I have the equation:
$$\ V_t = \int_t^T e^{\int_t^s r_x dx} X_sds $$
I need to take the derivative of this with respect to $t$. This seems like an obvious Leibniz rule problem, but I am unsure how to do this with the integral existing within the integrand.
I have:
$$\frac{d}{dt}V_t=e^{\int_t^T r_x dx} X_T \frac{d}{dt}T - e^{\int_t^t r_x dx} X_t\frac{d}{dt}t+ \int_t^T \frac{\partial}{\partial t}e^{\int_t^s r_x dx} X_sds \\ =0 - X_t+\int_t^T \frac{\partial}{\partial t}e^{\int_t^s r_x dx} X_sds $$
I am pretty shaky on all of this, so this is my best guess and I don't know how to simplify the last integral with the partials.

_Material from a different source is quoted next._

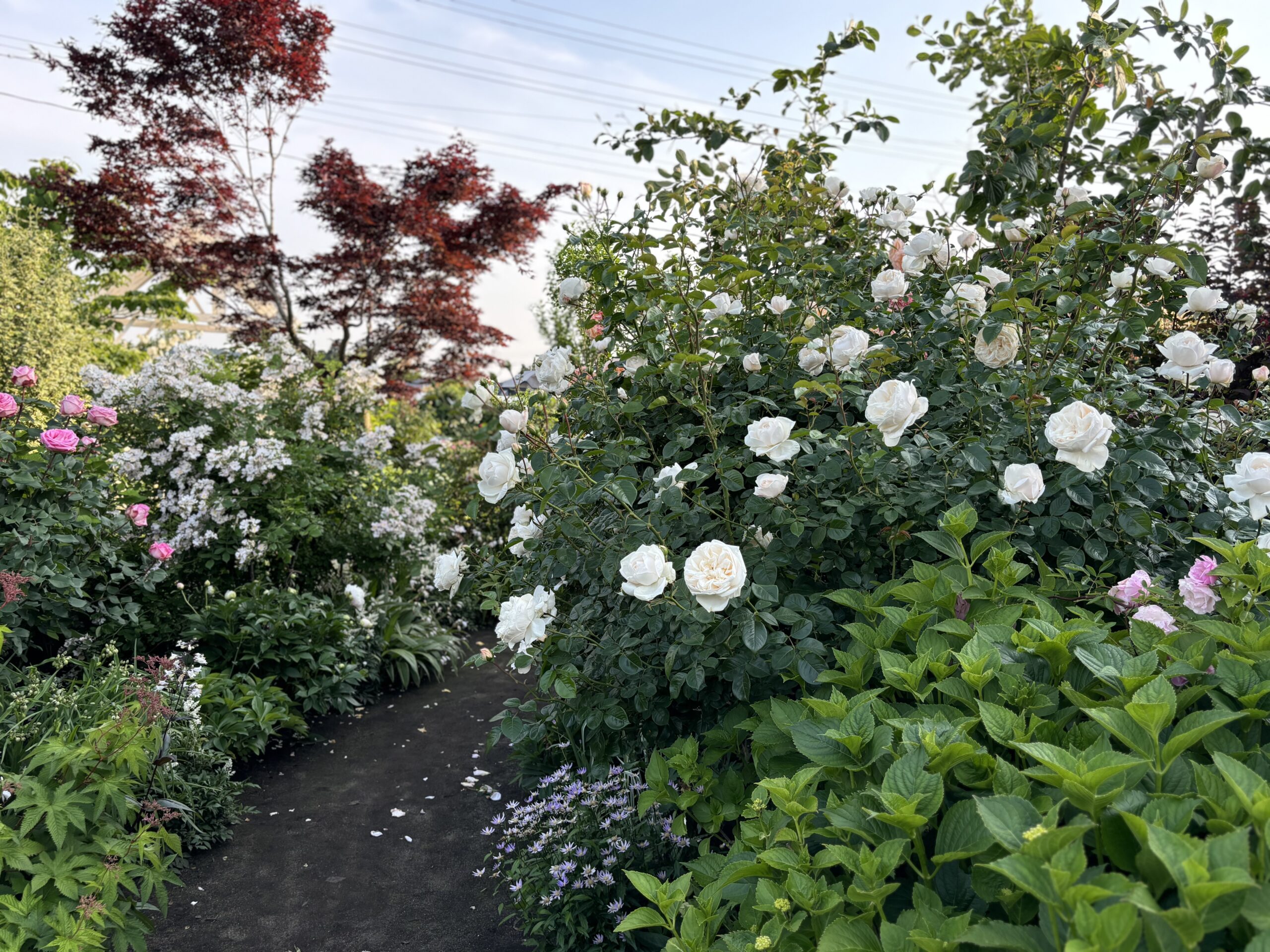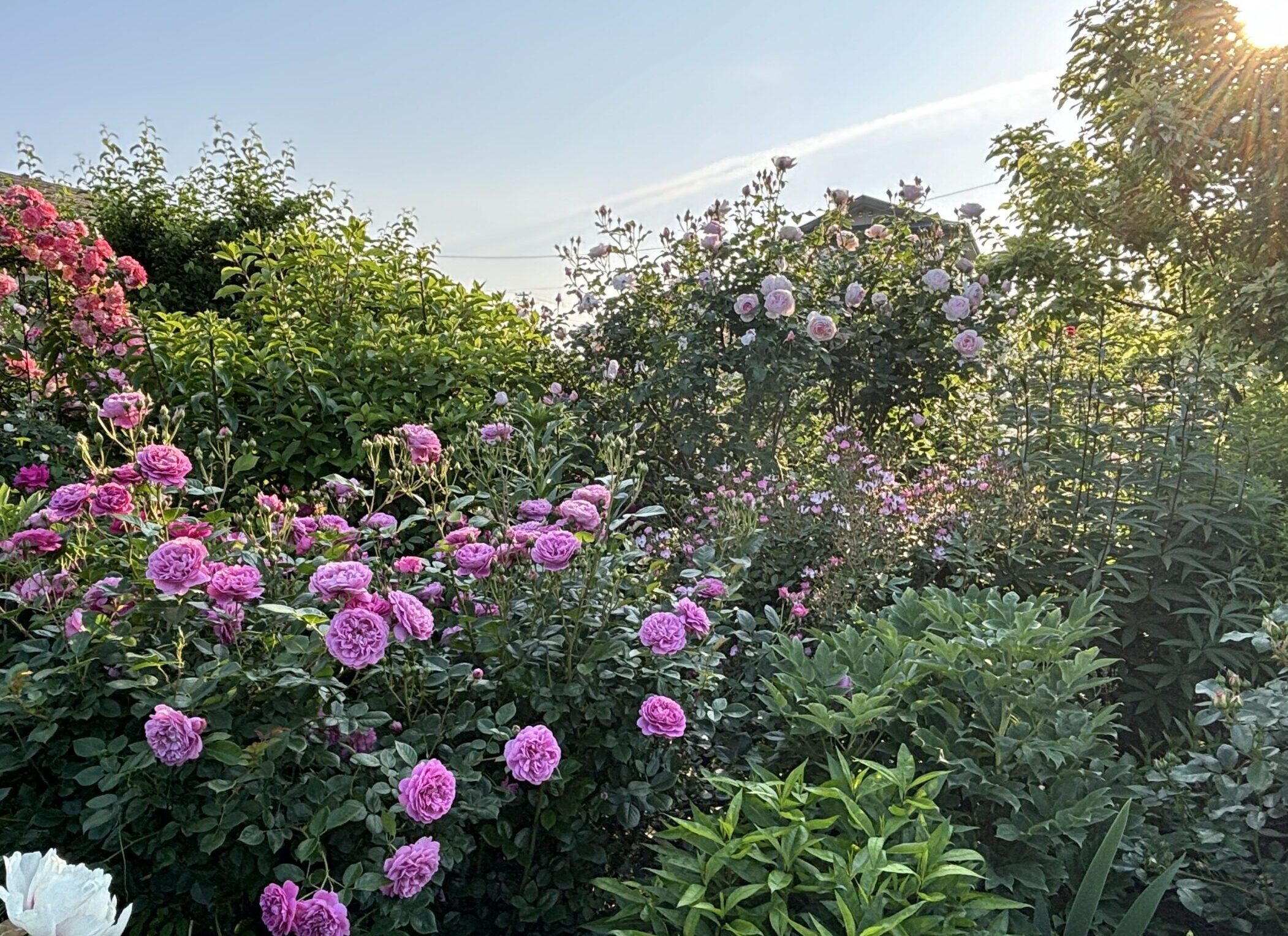 ・・・・ってそう考えると、うちが言ってる『自然樹形』とは『剪定樹形』なのかもしれませんが、でもそう言っちゃうと今度は何だか、バラを刈り込んで型に嵌めちゃってるイメージになりそうですし・・・・兎も角、百聞一見に如かずということで⇩  エリアによって粗密ありますが大体こんな感じで200品種以上のガーデンローズ(株数だと300くらい?よく訊かれるんだけどカウントしてないから解らん)を育てています。

I can definitely provide other info if you need it.
We have
$$\frac{\partial }{\partial t}\left(e^{\int_{t}^{s} r_x dx}X_s\right)=\frac{\partial}{\partial t}\left(\int_{t}^{s}r_xdx\right)e^{\int_{t}^{s} r_x dx}X_s=-r_{t}e^{\int_{t}^{s} r_x dx}X_s$$ and thus
$$\frac{d}{dt}V_t=- X_t+\int_t^T \frac{\partial}{\partial t}e^{\int_t^s r_x dx} X_sds=-X_{t}-r_{t}\int_{t}^{T}e^{\int_{t}^{s}r_xdx}dx=-X_{t}-r_{t}V_{t} $$